Мой город – лабиринт, и в нем томится
Моя душа. Разверстая могила –
Таков он, город мой. Здесь жизнь течет
Однообразно, серо и уныло».
Но нет иной земли. Моря иные
Не существуют. Город за тобой
Отправится. Куда бы ты ни скрылся,
Повсюду он – все тот же город твой.
Повсюду та же улица. Однажды
В своем квартале ты проснешься стариком.
Ты заперт здесь. Все те же мостовые,
Подъезды, окна, тот же самый дом.
Ты слился с этим городом. Тебе
Не скрыться, не уйти.
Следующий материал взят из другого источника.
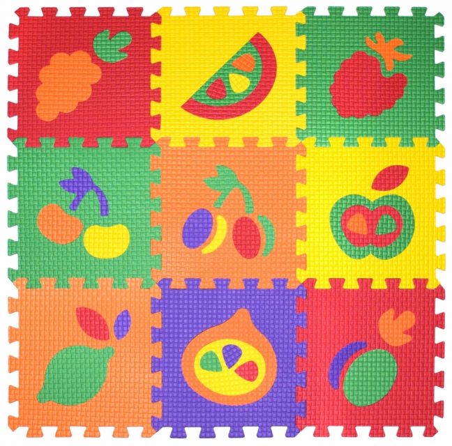 - Puzzles educacionais e educativos de EVA suave para crianças com mais de dois anos. No papel de elementos podem ser formas geométricas, os contornos de animais, letras ou números. A criança deve inseri-los nos orifícios apropriados, recolhendo parcial ou completamente o tapete. Isso permite que você desenvolva a percepção visual sobre o princípio de aprender cartões e fotos especiais.As crianças poderão ver desenhos, sentir formas tridimensionais.

Навеки пленный,
Ты городу отдал всего себя,
И стал отныне он твоей вселенной.
А старый «Нантакет», покорно подставляя жестокой буре дряхлое, изъеденное ржавчиной тело и усталую душу, хранящую воспоминания о лучших днях, об иных, более милостивых широтах, медленно и бесстрашно плывет все дальше и дальше – в Шанхай.
2
– Если ты заставишь меня проглотить всю эту гадость, меня стошнит прямо на кровать! – крикнула Сусана.
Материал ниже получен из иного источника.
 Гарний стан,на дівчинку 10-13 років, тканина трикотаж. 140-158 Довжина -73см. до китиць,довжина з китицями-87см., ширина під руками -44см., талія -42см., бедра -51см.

Проведя столько времени без движения, избалованная материнской заботой, она превратилась в изощренного капризного деспота, чей гнев на этот раз обрушился на Форката, который бережно подал ей в постель поднос с роскошным полдником – высокий стакан молока, яйцо всмятку и гренки с джемом.
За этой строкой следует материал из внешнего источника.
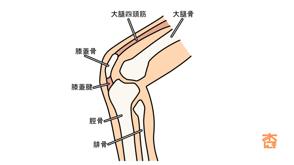 膝のお皿(膝蓋骨)とすねの骨をつないでいる腱があります。
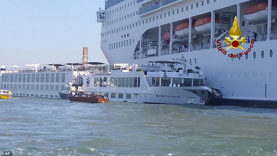 The MSC Opera cruise ship collided with the small River Countess and the San Basilio dock on the Giudecca Canal in Venice.
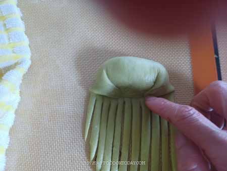 8. Fold the top part over to enclose the kaya filling. Fold the two sides in. Pinch slightly to seal. Use a pizza cutter or a bench scraper to cut the rest of the dough into strips.

– Съешь хотя бы яйцо, – умолял Форкат. – Я его почищу.
– Не хочу. Меня тошнит от яиц всмятку!
То была привычная сцена, и я впал в странное оцепенение, глядя на ее гладкий безмятежный лоб, чью бледность оттеняли черные волосы, и на капризно приоткрытый восточный рот с припухшей верхней губой.
– Чего уставился? – прервала она мои раздумья.
– Может, хочешь гоголь-моголь с малагой? – не унимался Форкат. – Или давай пожарю тебе чудесную яичницу с артишоками или баклажанами?
– Все это гадость! Ничего не хочу!
– Ты же прекрасно знаешь, что говорит врач, – настаивал он. – Побольше яиц и молока… Яиц и молока, – продолжал он, паясничая и подражая простонародному южному говору братьев Чакон. – Будешь кушать – станешь хорошенькая-прехорошенькая и здоровенькая…
Форкату частенько удавалось рассмешить Сусану, но заставить ее что-нибудь съесть было значительно труднее. Сидя на кровати рядом с подносом, он терпеливо ее уговаривал, пока его пятнистые пальцы чистили яйцо.
Я заинтересовался руками Форката не только потому, что меня удивил странный цвет кожи; просто как-то раз я заметил их не где-нибудь, а на коленях сеньоры Аниты. Тогда меня это не удивило, поскольку я быстро все истолковал на свой лад, однако впоследствии оказалось, что я ошибался. Дело было в воскресный полдень, я навестил Сусану и уже собирался уходить – мы с Финито договорились нарвать в парке Поэль эвкалиптовых листьев и наломать дрока, которым украшали террасу. В коридоре, проходя мимо спальни сеньоры Аниты, я замешкался и заглянул в приоткрытую дверь: они сидели возле ночного столика – Форкат на стуле, сеньора Анита на краешке кровати. Она сидела босая, положив ногу на ногу, подол халата был откинут, и его руки преспокойно лежали на ее колене. Я смотрел на них всего лишь мгновение, однако даже брошенный мельком взгляд уловил в их поведении нечто странное, что никак не вписывалось в схему, которая выстроилась в моем воображении: заботливые руки Форката не были похожи на руки мужчины, ласкающего стройные ноги, сама же сеньора Анита, которая сосредоточенно обрабатывала пилкой ногти, казалась совершенно равнодушной к лежащим на ее колене рукам и нисколько не походила на женщину, отдававшуюся мужской ласке. Но впечатление было слишком мимолетным. Я решил, что меня не заметили, и продолжил свой путь, как вдруг услышал ее голос.
– Даниэль, милый, ты уже уходишь?
– Да, сеньора, – отозвался я.
– Пойди сюда на минутку.
Я вернулся на порог спальни. Ее колени смутно белели в полумраке, руки Форката немного отдалились, а затем со спокойной уверенностью вернулись на прежнее место.